Hyundai fined $19 million for submitting false consumer payment histories

The Consumer Financial Protection Bureau fined Hyundai’s U.S. financing arm $19.2 million after an investigation found that the company submitted false credit information on millions of accounts. 

For more than four years, Hyundai Capital America knowingly presented credit bureaus with “inaccurate account information” about the payment history of consumer auto loans and leases, according to a statement released on Tuesday by the CFPB. 

The CFPB said it found 8.7 million instances of inaccurate information that affected about 2.2 million consumer loans from January 2016 to March 2020. The issue stemmed from HCA’s use of “manual and outdated systems, processes and procedures.”

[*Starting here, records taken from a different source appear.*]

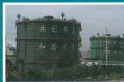
坐落在绿树丛中的煤气柜
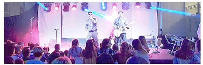
Zespół Łobuzy – gwiazda niedzielного koncertu w Korszach.
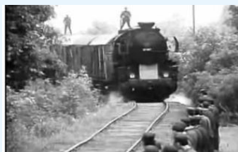
Lange treinen met Joden vertrokken vanuit kamp Westerbork naar de vernietigingskampen.
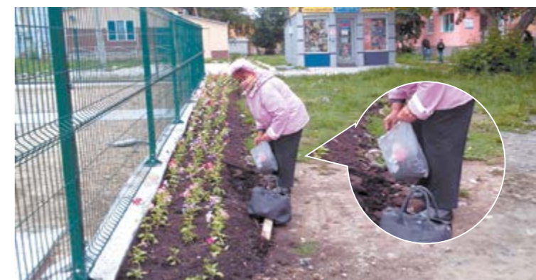
Площадь Победы. Одни цветы сажают, другие выкапывают...
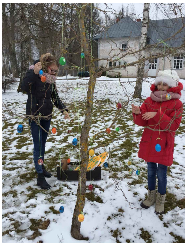
Jaunieši izgrezno Mārsnēnu tautas nama parku

2018.gada 1.aprīlī Mārsnēnu Jauniešu centrs sadarbībā ar Mārsnēnu Tautas namu aktīvi piedalījās Lieldienu svinēšanā. Jaunieši bija izgreznojuši Mārsnēnu tautas nama parku, kā arī sagatavojuši vairākas stafetes ar dažādiem uzdevumiem un veiklības pārbaudījumiem gan lieliem, gan maziem. Stafetu noslēgumā Lieldienu zaķis bija sarūpējis un paslēpis dažādus gardumus Lieldienu svinētājiem. Tos svinību viesi un stafetu dalībnieki atrada un notiesāja, gaidot apbalvošanu. Trampalīns saka lielu paldies brīvprātīgajiem un visiem dalībniekiem, kas kopīgiem spēkiem noorganizēja jautras Lieldienu lustes.
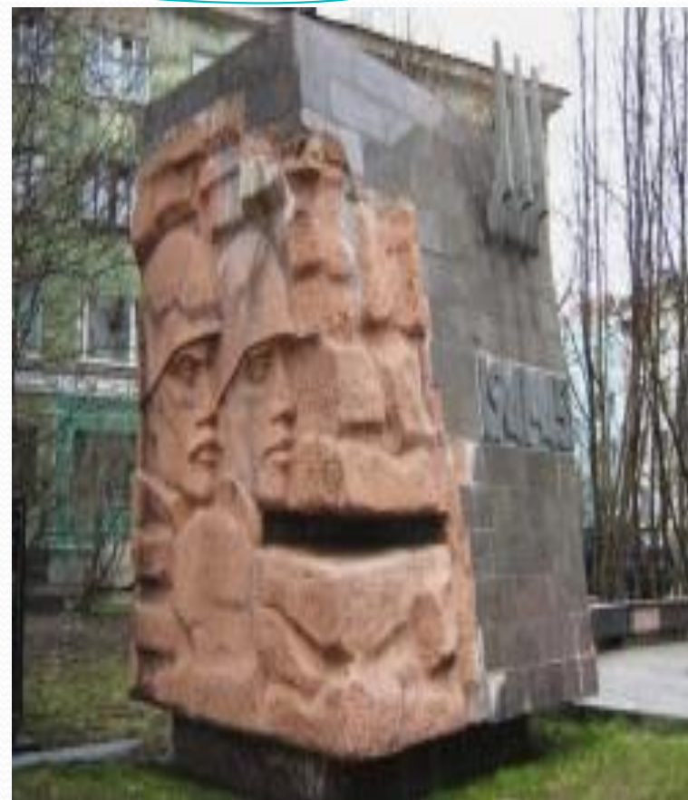
Памятник «Воинам-строителям, защитникам Родины в Великой Отечественной войне 1941-1945»
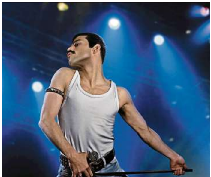
Der Film „Bohemian Rhapsody“ feiert auf mitreißender Art die Rockband Queen, ihre Musik und ihren außergewöhnlichen Leadsänger Freddie Mercury.

krankt ist, gelingt es ihm, seine Bandmitglieder noch einmal zusammenzutrommeln und beim Live Aid einen der legendärsten Auftritte der Musikgeschichte hinzulegen. Queen zementiert damit das Vermächtnis einer Band, die bis heute Außenseiter, Träumer und Musikliebhaber gleichermaßen inspiriert.
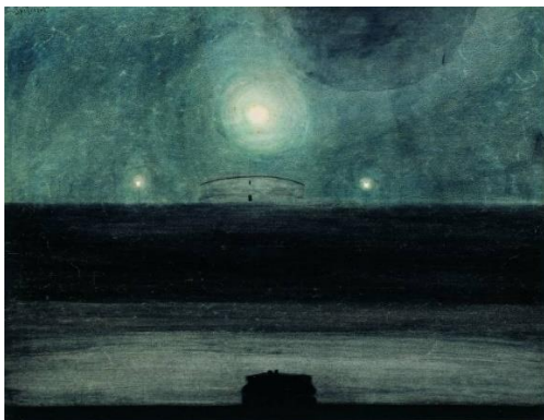
Léon Spilliaert - Strand met maan – Collectie Mu.ZEE

De bezielde landschappen en marines van Léon Spilliaert tonen eerder een nabeeld dan het beeld zelf. Mijn schilderij is 's nachts gemaakt omdat ik net als Spilliaert last heb van slapeloosheid. Ik heb geprobeerd om het onwezenlijke licht dat je ook in veel van zijn werken ziet, weer te geven. Mijn werken dragen geen titel maar in plaats daarvan een catalogusnummer van een systeem dat ik zelf ontwikkeld heb. Op die manier wordt geen enkele interpretatie opgedrongen aan de toeschouwer.
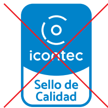
No eliminar elementos
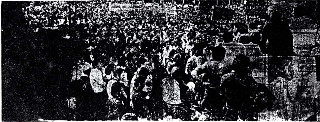
Vista parcial de la multitudinaria asamblea del viernes 31, en Santa Isabel.

lizadas ante SMATA nacional. Luego de una democrática deliberación, la Asamblea resolvió reafirmar a la Interfabril, darle mandato para que se haga cargo del sindicato hasta que se realice la devolución del mismo, reafirmar que el prometido aumento del 40 o/opa para el SMATA es independiente de los aumentos salariales que puede otorgar además el gobierno, dar un plazo de 20 días para que se ponga en libertad a los detenidos del gremio y declarar la total solidaridad
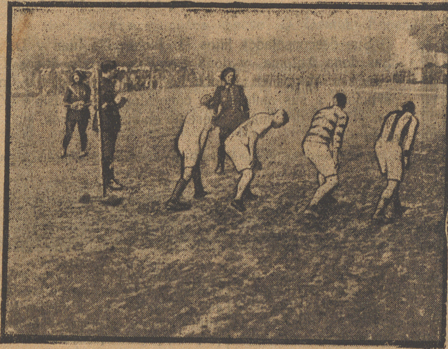
Fiesta esportiva organizada por un batallón de cazadores

un solo hecho verdadero. Lo mismo ocurre con los conciertos de Rosales, en los que nadie atiende, y con las corridas nocturnas, en las que, pasada la mojiganga, se duermen los espectadores a la pálida luz de los arcos voltaicos... Y mientras tanto, la gente de provincias se divierte que es una delicia.
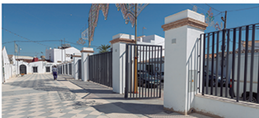
/ Realizamos importantes obras de mejora en el Recinto Ferial: cerramiento, asfaltado de calles, portada, solería, accesos, electricidad, etc.
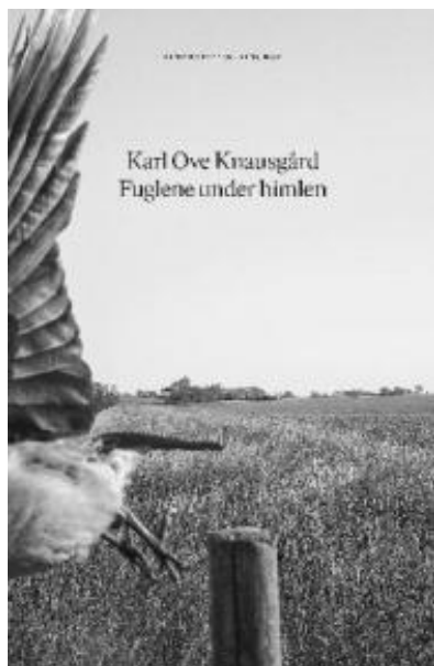
(/boeger/fuglene-under-himlen) FUGLENE UNDER HIMLEN (/BOEGER/FUGLENE-UNDER-HIMLEN) Af Karl Ove Knausgård
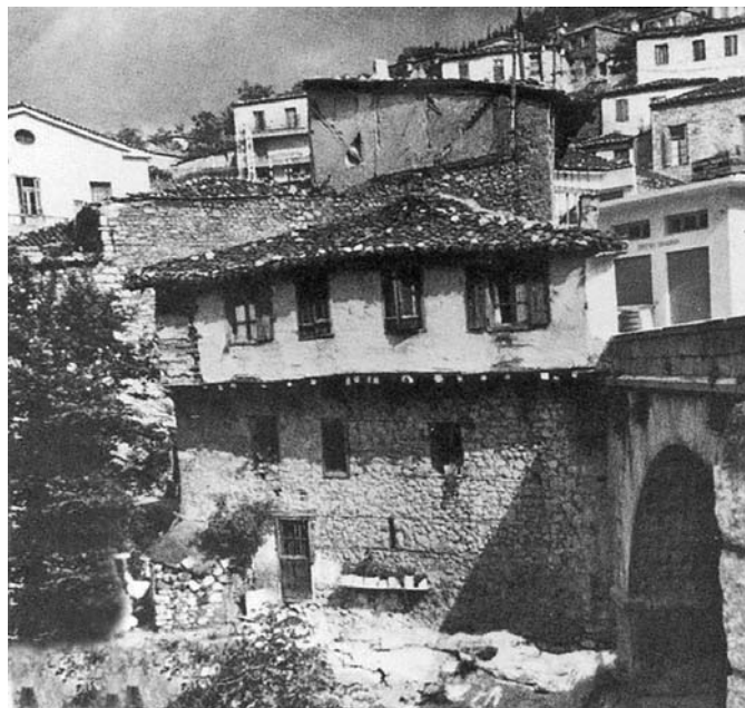
Παραδοσιακό κτίσμα στίς ὄχθες τῆς Ἐρκόνας (10ετία '50)

σύγχρονους θεολόγους, οἱ ὅποιοι ἔχουν στὴ διάθεσή τους ἕναν πολὺ μεγαλύτερο ἀριθμὸ ἀπόψεων γιὰ τὴν προέλευση τοῦ σύμπαντος. Ὁ θεολόγος σήμερα καλεῖται νὰ ἀξιοποιήσῃ τὴν κληρονομιά τῶν ἱερῶν συγγραφέων τῆς Π. Διαθήκης καὶ νὰ ἐπιχειρήσῃ ἕναν νέο θεολογικὸ λόγο, μὲ βάση τὰ καινούργια δεδομένα, πάνω στό πανάρχαιο, ἀλλὰ πάντοτε ἐπίκαιρο, θέμα τῆς δημιουργίας.
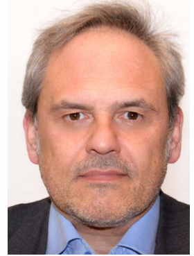
Expert informatique Formateur / Consultant

1, les Magnolias – 84300 CAVAILLON (France) Interventions France entière et étranger. email-cv@jacopini.fr +33 (0)6 19 71 79 12 Année de naissance : 1970 Identifiant Défense : 9084030052
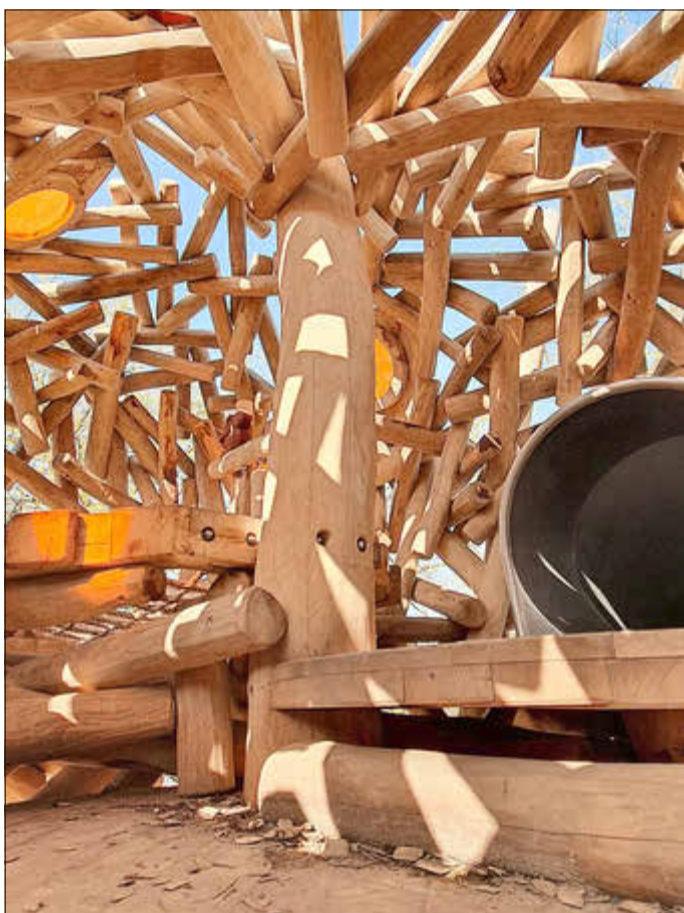
Im Spiel-Kobel ist alles lichtdurchflutet und trotzdem gemütlich wie in einem Nest. Verstärkt wird dieser Effekt durch orangene Scheiben, die warme Lichtreflexe entstehen lassen.
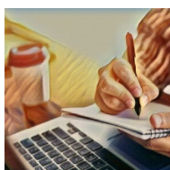
La PAC en general

En nuestra web dispondrás de toda la información de las actividades del proyecto y de las últimas novedades de la PAC 2023-2027. Tendrás acceso a cursos y videos divulgativos, así como a una aplicación pensada para rentabilizar las explotaciones agrícolas y también a seminarios prácticos; tanto para usted como el personal de UPA como para todos sus asociados y asociadas.
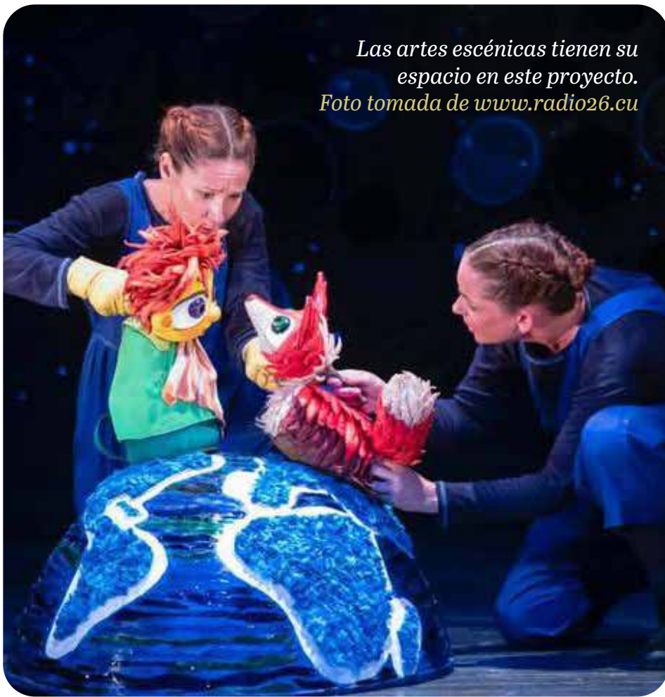
Las artes escénicas tienen su espacio en este proyecto.

In many cases, the auto lender reported that customers were more than 30 days late on payments when that wasn’t the case, the agency said. The company violated a provision of the Fair Credit Reporting Act by not updating credit information “that it determined was not complete or accurate,” according to the CFPB statement.

Reporting this information “tarnished credit reports for millions of borrowers,” CFPB Director Rohit Chopra said in the statement. 

“Loan servicers must be complete and accurate when furnishing information that affects a borrower’s credit report,” he added.

HCA was ordered to pay $13.2 million to current and former customers as well as $6 million to the CFPB, according to the agency’s statement. This is the largest Fair Credit Reporting Act case the agency has taken against an auto servicer, the bureau said.

The company did not admit to any wrongdoing but has launched an “end-to-end review” of credit reporting practices, an HCA spokesperson said in an emailed statement.